I don’t want to get used to this life. It’s a different world.

Harold Varner III

But Varner is clearly enjoying himself on golf’s biggest stage. The week of the Super Bowl, he put on a Cam Newton No. 1 Carolina Panthers jersey as he walked up the 16th fairway in Phoenix, then dabbed his way to the green. After the second round of the Players Championship, he turned ventriloquist while using a puppet-club head cover to answer an interviewer’s question.

Varner’s ebullience notwithstanding, he’s doing fine so far in his first full-time season on the tour. Although he must play well Friday to make the cut at Baltusrol (he was tied for 81st, seven shots behind leader Jimmy Walker), he’s had four top-10 finishes (including a season-best seventh at the Quicken Loans National at Washington’s Congressional Country Club in June) and banked more than $1.2 million.

Varner was named to the PGA Championship field after Tiger Woods withdrew.

“I’m not doing anything crazy, just playing solid, keeping it simple,” said Varner. “I got a little gassed last week, so that kind of sucked. But I couldn’t not play in Canada, because I wasn’t sure that I would get in here.”

Varner was talking about the Canadian Open, where he missed the cut. Only a few days before, Tiger Woods announced he would miss the PGA Championship and the rest of the season. His replacement was Varner, who had the next spot on the alternate list.
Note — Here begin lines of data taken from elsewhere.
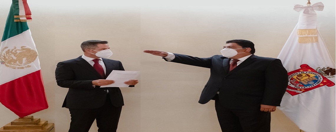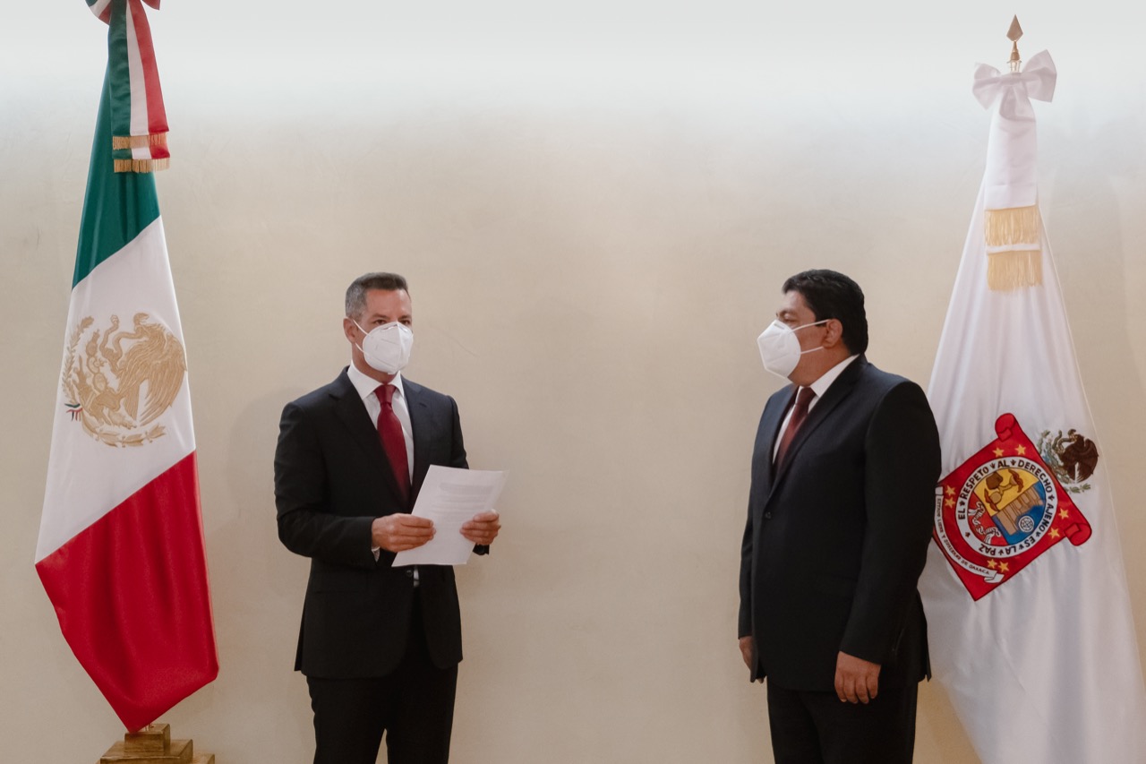 Oaxaca de Juárez, Oax. 19 de octubre de 2020. Con el firme compromiso de seguir fortaleciendo las acciones gubernamentales a favor de las y los oaxaqueños, el gobernador Alejandro Murat Hinojosa tomó protesta de Ley a Francisco Javier García López como Secretario General de Gobierno.
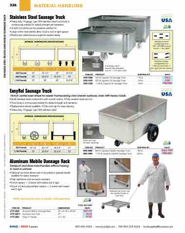 500 lb Capacity SS Sausage Truck . . . . . . . . . . . 110 lb . . . . . . . . . . . . . . . . . . 800 lb Capacity SS Sausage Truck . . . . . . . . . . . 104 lb . . . . . . . . . . . . . . . . . . 1,100 lb Capacity SS Sausage Truck . . . . . . . . . 144 lb . . . . . . . . . . . . . . . . . .
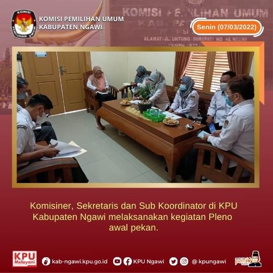 Ngawi, kab-ngawi.kpu.go.id - Senin (07/03/2022) Komisioner, Sekretaris dan Sub Koordinator KPU Kabupaten Ngawi kembali melaksanakan pleno awal pekan. Agenda ini merupakan kegiatan rutin untuk melakukan pembahasan hal-hal perencanaan kegiatan minggu depan, evaluasi kegiatan pekan lalu dan realisasi kegiatan pekan ini.

“I thought (Woods) wasn’t going to play, and it was just a coincidence that one black guy goes out and another goes in,” Varner said, laughing. “I wanted to get in, I didn’t care who withdrew. But when I saw that he was out for the rest of the season, and my name went up there as his replacement, I thought, ‘My gosh.’ ”
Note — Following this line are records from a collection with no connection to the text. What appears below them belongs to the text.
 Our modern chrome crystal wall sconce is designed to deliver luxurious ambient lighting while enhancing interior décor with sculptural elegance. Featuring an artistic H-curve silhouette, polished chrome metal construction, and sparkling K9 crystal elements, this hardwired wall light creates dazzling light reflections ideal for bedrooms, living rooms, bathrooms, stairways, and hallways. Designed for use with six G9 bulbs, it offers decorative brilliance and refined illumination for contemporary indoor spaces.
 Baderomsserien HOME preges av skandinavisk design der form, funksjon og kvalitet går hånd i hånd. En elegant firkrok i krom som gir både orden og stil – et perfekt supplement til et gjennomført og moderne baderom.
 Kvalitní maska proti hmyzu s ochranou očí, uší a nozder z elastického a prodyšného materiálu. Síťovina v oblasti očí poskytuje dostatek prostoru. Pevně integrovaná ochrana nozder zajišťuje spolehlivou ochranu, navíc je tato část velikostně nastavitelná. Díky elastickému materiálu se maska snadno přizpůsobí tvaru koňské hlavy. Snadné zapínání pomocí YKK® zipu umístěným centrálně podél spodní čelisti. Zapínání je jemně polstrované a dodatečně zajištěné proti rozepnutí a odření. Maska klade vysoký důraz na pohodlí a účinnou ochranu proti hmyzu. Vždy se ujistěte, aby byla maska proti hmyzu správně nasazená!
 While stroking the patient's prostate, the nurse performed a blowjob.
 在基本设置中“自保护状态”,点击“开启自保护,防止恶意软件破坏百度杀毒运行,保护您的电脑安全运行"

4 Major championships Varner has played

Varner and Woods are the only two African-American players on the tour. Varner, like countless other young players, grew up idolizing Woods when Varner first started playing at Gastonia Municipal Golf Course (now Catawba Creek) and later Gaston Country Club.

Varner said Woods introduced himself to him at a tournament one day by walking up to him and asking, with a smile: “You gonna get your (stuff) together?”

“I should have said, ‘Yeah, dog,’ ” Varner said. “Instead, I was like, ‘Have a good week.’ But I wanted to say, ‘When are you gonna get healthy?’ But I couldn’t say that, either.

“I think the tour needs him. I’m looking forward to having him out here. He’s the reason I watch golf. I wouldn’t watch if he’s not playing. When I was a kid, I couldn’t fathom how far he hit it. I’m just pulling for him to get healthy. It’s a brutal place to be for him.”

Now Varner is trying to take advantage of having Woods’ spot in the PGA, the fourth major championship Varner has played (he has played in the U.S. Open twice and tied for 66th in the British Open two weeks ago).

“This is a big golf course and I like that,” Varner said of Baltusrol. “It’s like what I grew up on. I’m not a big fan of hitting your irons out there, weaving your way around. I like to wham! Drive it as hard as I can hit it.”

Varner said Baltusrol is similar in that way to Congressional, where he had his career-best finish.

“I like the big golf courses – Congressional, San Antonio, (Charlotte’s) Quail Hollow. What you see is what you get.”